The Attempt at a Solution

So it wants me to find cos(\pi/12) which is half the angle of cos(\pi/6). So I called these cosx and cos 2x.

I then said \sqrt{3}/2 = cos²x - sin²x

I used cos²x + sin²x = 1 and got sin²x on its own and subbed into the first formula and then got cosx on its own.

For sin(\pi/12) I subbed in sin²x = 1- cos²x and got sinx on its own.

Is this the correct method for finding the answers?

The inverse of cosx and sinx were \pi/12 so I assume I am but not sure. I'd be thankful to anyone who could clear this up.

That looks correct.

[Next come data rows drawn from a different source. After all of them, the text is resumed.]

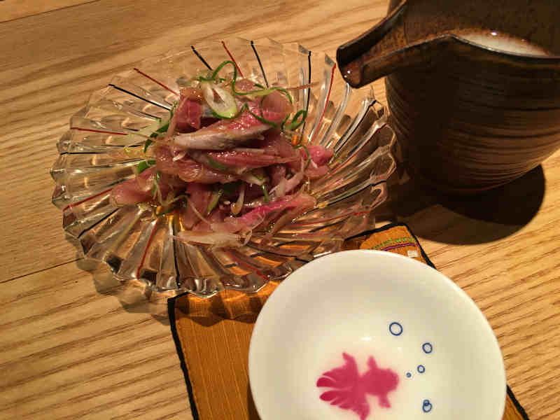 鰯のにんにくタタキです。鰯にニンニクって新鮮ですよね。またこれが熱燗にあうんですよ。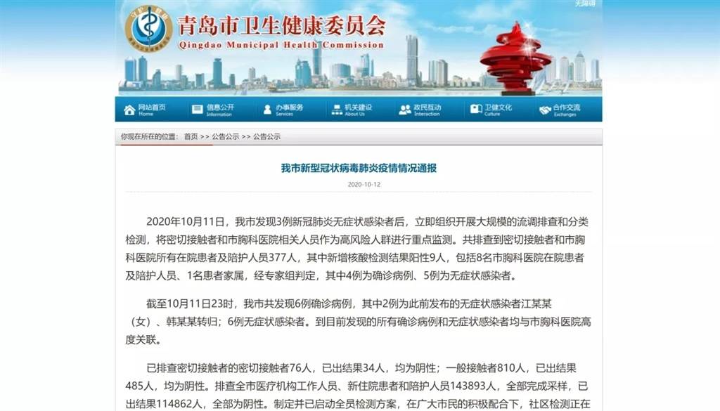 今晨,青岛市卫生健康委员会发布新型冠状病毒肺炎疫情情况通报称,截至10月11日23时,青岛市共发现6例确诊病例。青岛制定并已启动全员检测方案,5天内对全市检测全覆盖,检测结果将及时发布。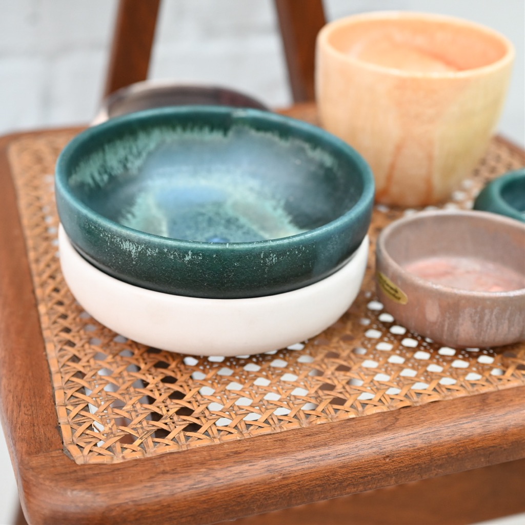 独自の釉薬を使い、丁寧に一つずつ釜で焼かれたアイテムは、火の当たる箇所や温度、その日の温度や湿度によって全てが再現する事ができない一点ものに。

Did you get exact radical values? You have$$
\cos(2x) = \cos^2x -\sin^2 x = 2\cos^2x - 1 = 1-2\sin^2 x$$You are just using the last two equations to solve for $\cos x$ and $\sin x$ in terms of $\cos(2x)$.

 

[teme92]

Thanks guys! HallsofIvy its just sometimes when I do these questions I think I'm right and then I only get it partly correct or not correct at all. I was just wanting to be sure as these type of questions may come up in my finals.

 

[xiavatar]

@teme92. You have to get into the habit of not doubting your reasoning. Yes, self-criticism will help you improve your abilities at problem solving, but when it gets in the way of you being confident in your answers it can be a problem.

 

[teme92]

Hey xiavatar, when it comes down to exams I will go with my instincts unquestionably but I just want to be safe in the run up to them. As you said, self-criticism has improved my understanding of a lot of topics in mathematics so I'd prefer to be safe than sorry in this instant :)